For a long time "liking Germany" was something Mr Seligmann found difficult, if not impossible, to do. "I was dreadfully unhappy," he recalls. The Germany of the late-Fifties and Sixties was a country still heavily infected with the poison of Nazi-inspired anti-Semitism. When Mr Seligmann was beaten up by fellow pupils at school, his mother complained to the headmaster. His advice was: "If you don't like it here, take your boy and go back to Palestine." His history teacher told him that Hitler was a "brave soldier who volunteered to fight for Germany". His Nazi party merely wanted to "restore Germany's greatness" and end the "blackmail" the country suffered under the terms of the Treaty of Versailles.

The doses of Nazi ideology were not only dished out at school.

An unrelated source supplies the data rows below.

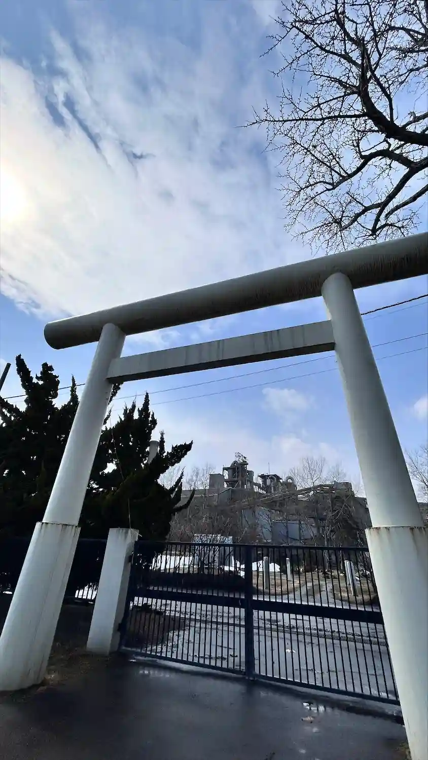 セメント工場の敷地内にある神社です。
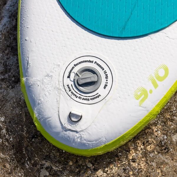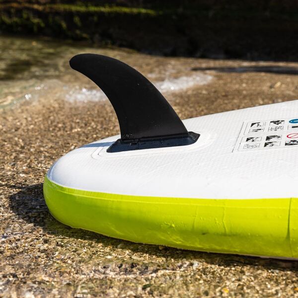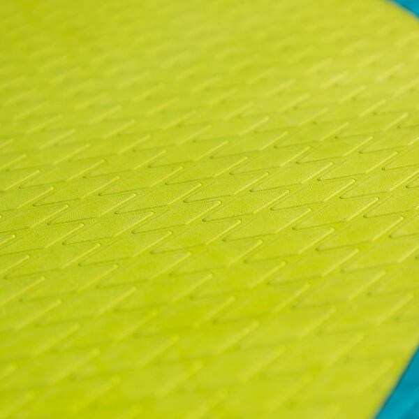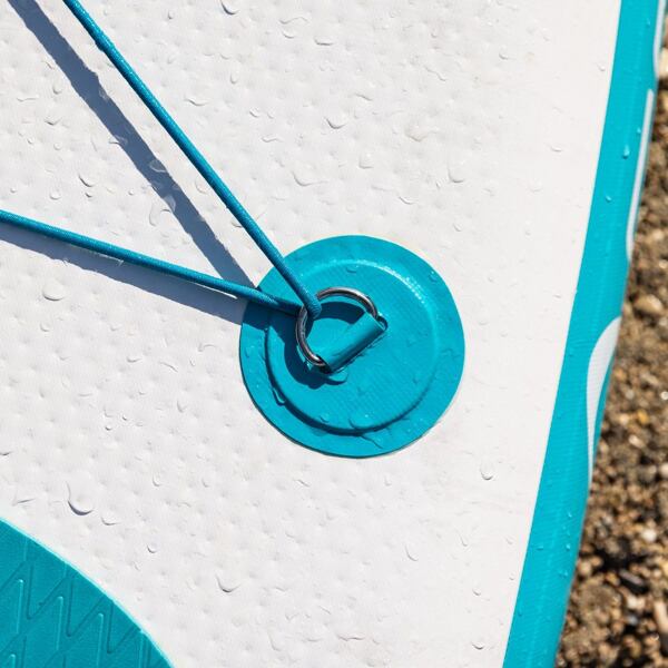 Das Paddleboard wird mit einer robusten, einlagigen Drop-Stitch-Technologie hergestellt, die die Struktur des Schwimmbretts steif, langlebig und im aufgepumpten Zustand leicht macht.
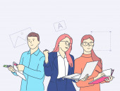 Zdjęcie "Creative Professions concept. Male designer, illustrator or freelance worker immersed in the creative process. Flat vector illustration. " może być wykorzystywane do celów osobistych i komercyjnych zgodnie z warunkami zakupionej licencji Royalty-free. Obraz jest dostępny do pobrania w jakości wysokiej rozdzielczości do 5760x3840.
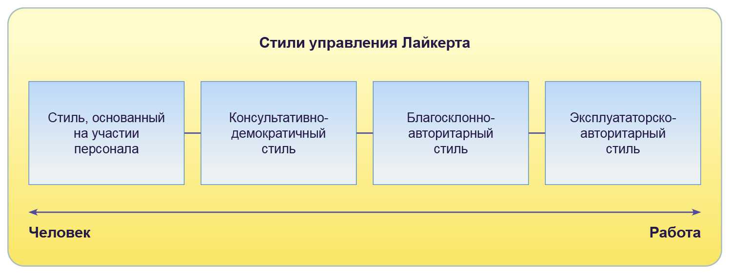 Еще одну классификацию стилей управления разработал американский социолог Р. Лайкертом. В ее основе – четыре теории управления, ориентированные либо на человека либо на работу (задачу). Графически это можно представить в виде рисунка 1:
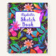 Sketch Book Jungle Flowers is a cute, bright, whimsy jungle flower design with pretty colors, flowers, leaves, and botanicals of all shapes and sizes with pops of color on dark background with purple text and outline.
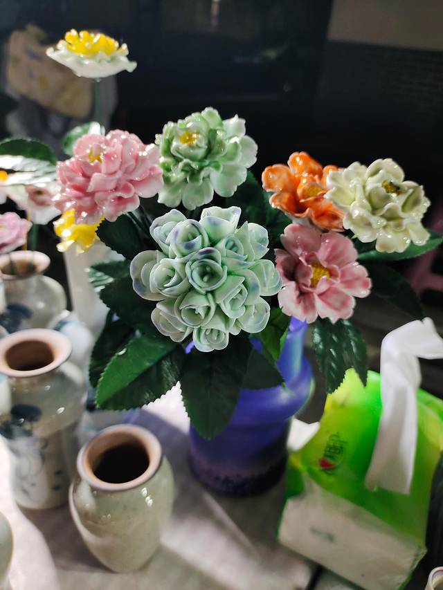买了三朵陶瓷绣球花,一共80块。单买一朵小花也要5块钱,我觉得买绣球花还挺划算的。摊主说现在师傅都不愿意做绣球花了,因为价格不太行~
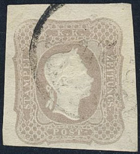 Austria. Michel 23 used, 1861 Newspaper stamp (1.05 Kr) lilac-grey. EUR 200

The parents of his first German girlfriend let it be known that they considered Mr Seligmann's relationship with her "defiled" the purity of the German race. When, several years later, Mr Seligmann published his first novel, Rubinsteins Versteigerung (Rubinstein's Auction) giving a warts and all account of his life in post-war West Germany, he found himself under attack from the Jewish community.

"Nobody would publish the book at first. Its Jewish critics even used a Nazi propaganda term: they called me a 'Nestbeschmutzer' – somebody who fouls his own nest," Mr Seligmann says.

It could be argued that even today, reunited Germany has still not got all that much to be proud of when it comes to shedding the influences of Nazism. Neo-Nazi violence has increased massively since reunification. The majority of Germany's new Jewish immigrants are not openly acknowledged as such. Instead they are almost universally referred to as "Russians". Only five years ago, Daniel Alter, the first rabbi to be ordained in Germany since the Holocaust, said he felt more comfortable wearing a baseball cap over his skull cap in public because he feared being identified as a Jew.

Nevertheless, most Jews, including Mr Seligmann, say they live in relative safety in Germany, even if every synagogue and Jewish school in the country is under a constant police guard.

Mr Seligmann says that the most important change wrought by Germany's new generation of Jews is that they are dispensing with the negative perception of themselves as victims. "They feel much easier about expressing themselves than Jews did two decades ago," he says. "In Germany, perhaps more than anywhere else, Jews should be allowed to become as self-confident as anyone else in society."

Jewish Voice from Germany and the man behind the paper are evidence enough that such ideals are being realised. "Fifty years ago I was afraid of the Germany of the Nazis that murdered the Jews," he writes in his autobiography. "Nowadays I feel as if I have found my place among these people as they have with me."